По счастью, дети не ограничивались литературой, изготовленной специально для них. Они читали русские народные сказки, "Царя Салтана", "Конька-Горбунка", а потом - когда становились постарше, - "Дубровского", "Тараса Бульбу", "Вечера на хуторе", повести Л. Толстого, рассказы Тургенева. В руки к ним попадали и настоящий Диккенс {55}, и настоящий Гюго {56}, и Фенимор Купер {57}, и Жюль Берн, и Марк Твен. Издавна стали их друзьями и любимцами Гулливер, Робинзон Крузо, Дон-Кихот.
Иной раз и в собственно детской библиотеке появлялись хорошие книги Андерсен, Перро, Братья Гримм, Топелиус, повесть Л. Кэрролла "Алиса в стране чудес" {58}. Для детей были написаны "Кавказский пленник" Толстого, "Каштанка" Чехова, "Зимовье на Студеной" Мамина-Сибиряка, "Вокруг света на "Коршуне" Станюковича {59}, "Белый пудель" и другие рассказы Куприна.

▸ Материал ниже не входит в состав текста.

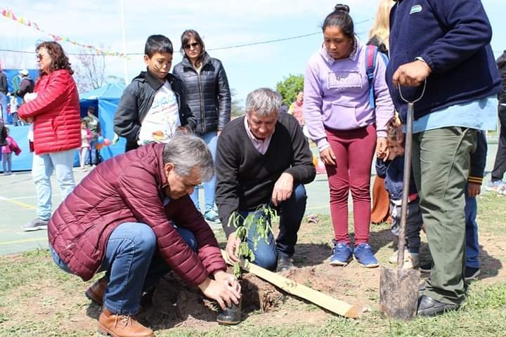 Además junto a padres, niños y niñas, como padrinos, plantaron varias especies arbóreas alrededor del playón deportivo.

Только эти" в сущности говоря, считанные книги - с придачей еще двух-трех десятков названий - и уцелели в детской библиотеке после революции. Институтские повести Лидии Чарской и крестьянские рассказы Клавдии Лукашевич {60} умерли в один и тот же день, вместе со многими переводными и подражательными книгами для детей. В рамки традиционно-детской, сентиментальной повести нельзя было втиснуть новый жизненный материал, новые идеи, героев нашего времени. Да и на прошлое мы взглянули другими глазами.
Старая - дореволюционная литература для взрослых не пережила в первые дни революции такого потрясения, какое испытала литература для детей. Пушкина и Толстого, Тургенева и Гоголя, Некрасова и Щедрина, Короленко, Чехова и Горького не надо было упразднять. Революция взяла на себя почетную обязанность передать их самым широким массам читателей, сделать их всенародным достоянием. А вот детская библиотека - особенно предреволюционных лет была - почти полностью обречена на слом вместе со всей системой буржуазного воспитания.
В библиотеке для взрослых ведущей была прогрессивная литература. Значительная часть детской библиотеки была снабжена казенными ярлыками: "проверено", "одобрено", "рекомендовано".
Только сейчас, при глубоком и внимательном отборе, мы можем взять из детских книжек самых разных времен и разных типов то, что еще может послужить "нам на пользу. Большая же часть книг, перечисленных в старых толстых каталогах, погибла безвозвратно.
Не удивительно, что наши первые советские повести для детей, лишенные настоящей преемственности и не успевшие по-новому осмыслить мир, были по большей части собранием случайных фактов и эпизодов, хроникой событий, а иногда наивным лубком.